To get a grasp of this idea it would worth mentioning that you could, with little effort, create a self-contained system just enough to run the Apache web server, and this in only 5-8MB of disk space!
When I'm saying "create your own GNU/Linux system" I mean exactly that, a GNU/Linux system and not a system developed from scratch by yourself (including the kernel, system tools, etc). That would not be wired but a tremendous effort which, despite the fact that it will pay off eventually, it would require more than a 100-lines post on my blog.
The whole idea is to start with a working (HOST) system, an empty hard drive (or a raw disk image) and by downloading, compiling and installing some applications/libraries from the Internet on that new disk, to end with a self-contained working GNU/Linux system assembled step by step by yourself.
Linux system From Scratch (LFS)
Unlike the other GNU/Linux distributions out there (Gentoo, Sorcerer,etc) the LFS is a type of an online book that will guide you step-by-step how to install a Linux From Scratch (thus LFS).

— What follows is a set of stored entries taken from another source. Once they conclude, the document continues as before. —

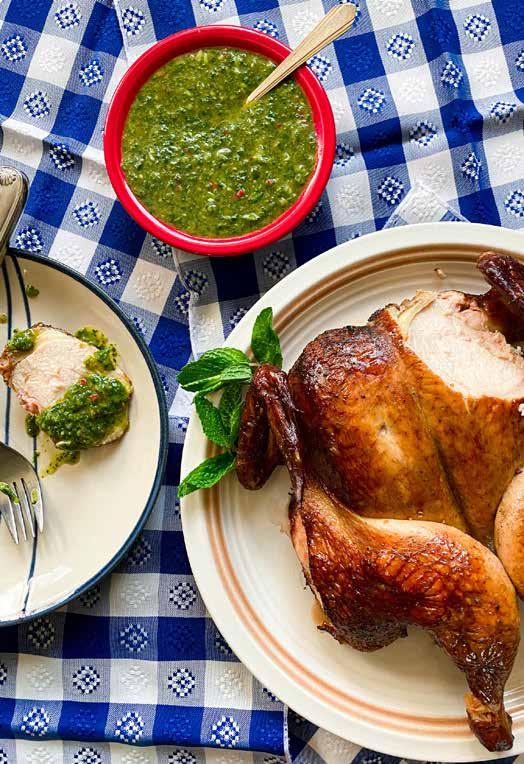 To prepare your grill, stage the charcoal in a pile on one side of the basin and light. This will create heat zones for direct and indirect cooking. Allow the charcoal to burn until covered in ash. Meanwhile, use kitchen shears to spatchcock your chicken by cutting out the backbone. Lay the bird breast side up and slightly splayed out, press firmly in the middle of the breasts to flatten.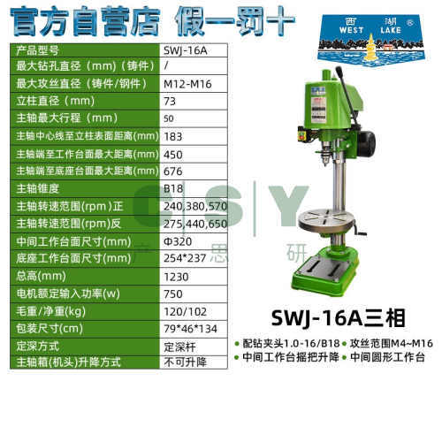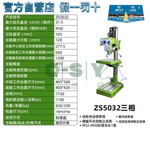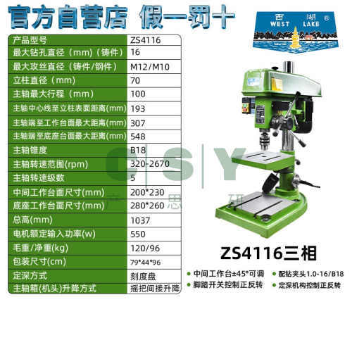 西湖钻攻一体机钻攻两用台钻ZS4112 ZS4120 JZS-25B 5032钻孔攻丝-西湖ZS4116三相/550W 摇把升降/铸M12钢M10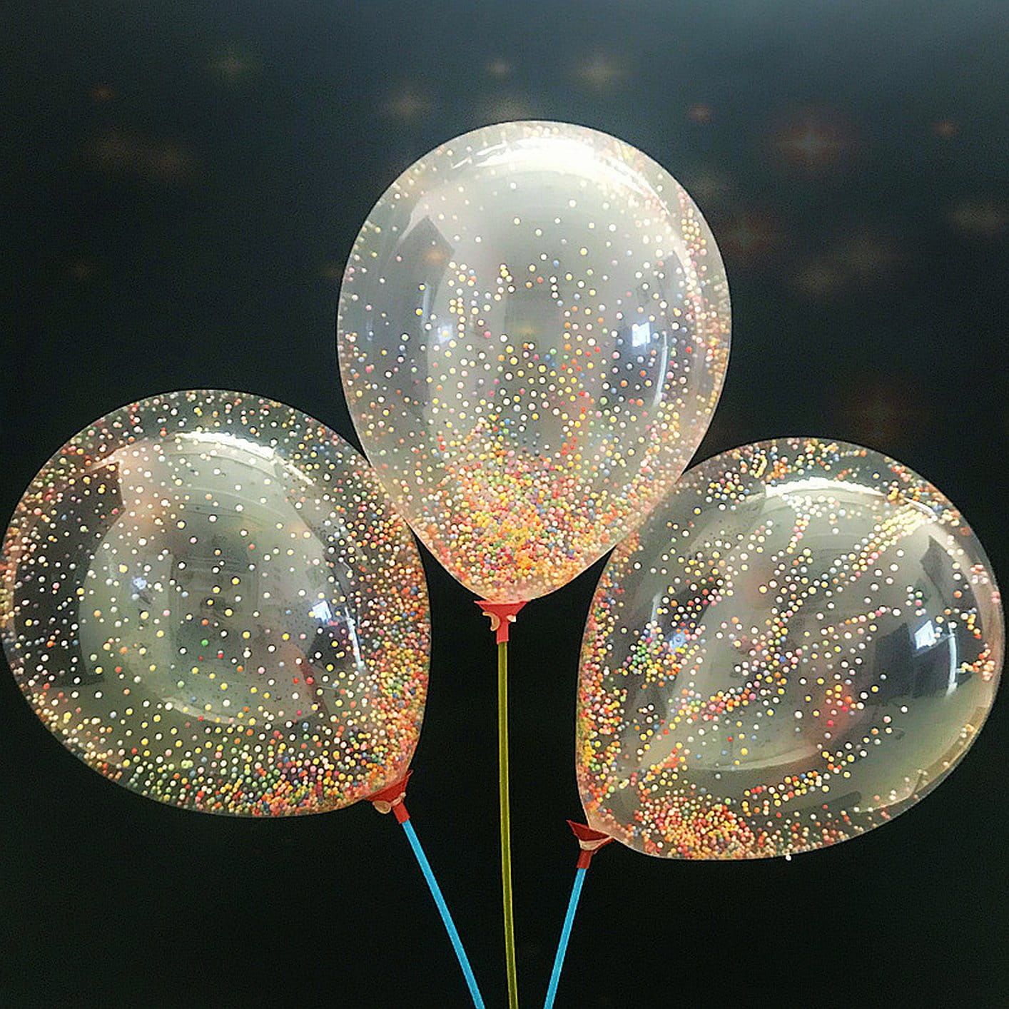 Balony dekoracyjna transparentne z piankowymi kolorowymi kulkami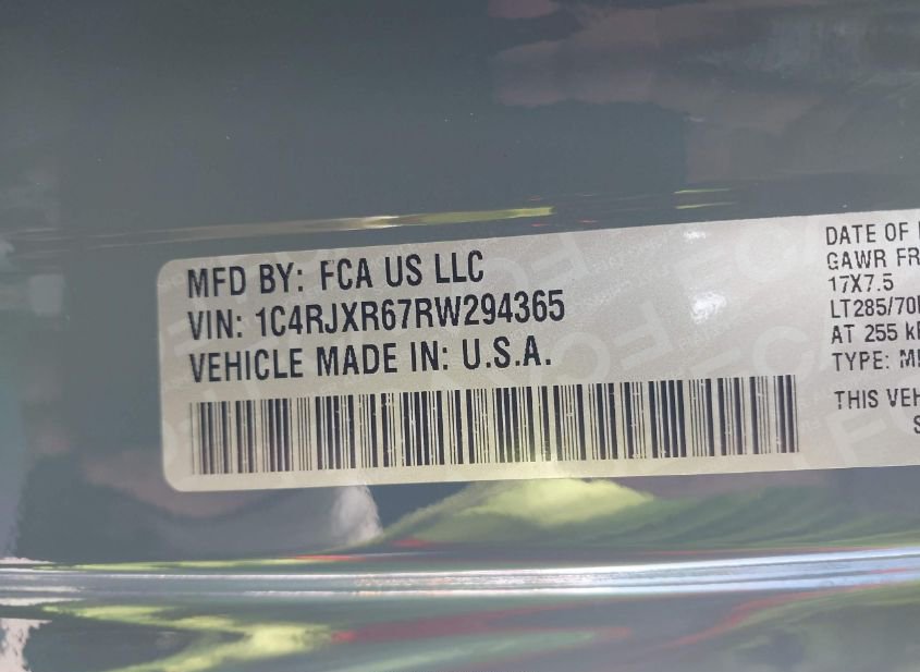 - VIN: 1C4RJXR67RW294365

It's very well detailed (like a install Linux From Scratch for dummies) and the team that maintain this project are willing to help you on their IRC channel. Of course, if you work by the book the chances to fail are minimal.
I did it, it was fun, I've ended with a 600M disk image (a SMP x86_64 GNU/Linux tested on a qemu emulator; user=root, pwd=lfs) that contains the base of a working Linux system (no X11, of course). In a nutshell, the steps I've done are the the following:
- create a raw disk image file (dd if=/dev/zero of=image.raw bs=X count=Y)
- create partition and filesystems for your disk (fdisk/mkfs.ext*)
- create a filsystem hierarchy based on the standards set for UNIX-like operating systems (/bin,/boot,/dev,/etc,/home,/lib,/media,/opt,/root,/sbin,/tmp,etc).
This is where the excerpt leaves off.